Restate word for word the opening line of the data below and every line after it until the line with "青竹林區(qū)數(shù)百棵竹子上都刻滿了密密麻麻的文字", that line too, but not the pictures.

─── INFORMATION PROVIDED

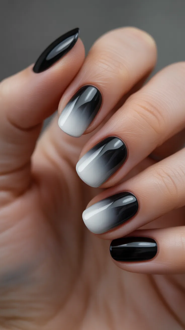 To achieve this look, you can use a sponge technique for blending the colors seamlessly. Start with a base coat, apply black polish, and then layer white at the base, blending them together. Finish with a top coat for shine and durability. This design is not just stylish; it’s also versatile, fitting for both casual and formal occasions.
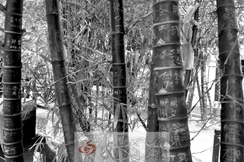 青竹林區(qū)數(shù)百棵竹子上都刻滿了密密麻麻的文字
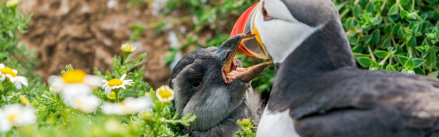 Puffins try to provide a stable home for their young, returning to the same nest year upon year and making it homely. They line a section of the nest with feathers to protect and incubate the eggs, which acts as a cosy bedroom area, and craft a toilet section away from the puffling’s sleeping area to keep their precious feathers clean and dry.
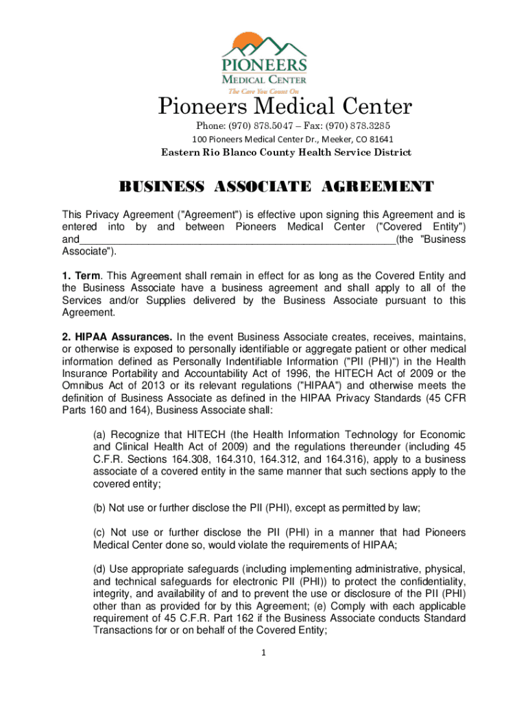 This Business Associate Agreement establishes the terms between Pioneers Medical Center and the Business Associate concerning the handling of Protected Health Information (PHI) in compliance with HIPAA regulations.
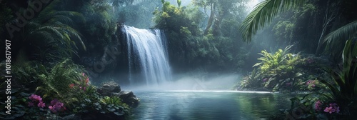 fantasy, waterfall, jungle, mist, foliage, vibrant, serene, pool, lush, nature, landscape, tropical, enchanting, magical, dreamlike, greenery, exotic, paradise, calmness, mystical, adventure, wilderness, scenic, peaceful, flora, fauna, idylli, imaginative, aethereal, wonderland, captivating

──────

**ANSWER FOR THIS EXERCISE:**
 To achieve this look, you can use a sponge technique for blending the colors seamlessly. Start with a base coat, apply black polish, and then layer white at the base, blending them together. Finish with a top coat for shine and durability. This design is not just stylish; it’s also versatile, fitting for both casual and formal occasions.
 青竹林區(qū)數(shù)百棵竹子上都刻滿了密密麻麻的文字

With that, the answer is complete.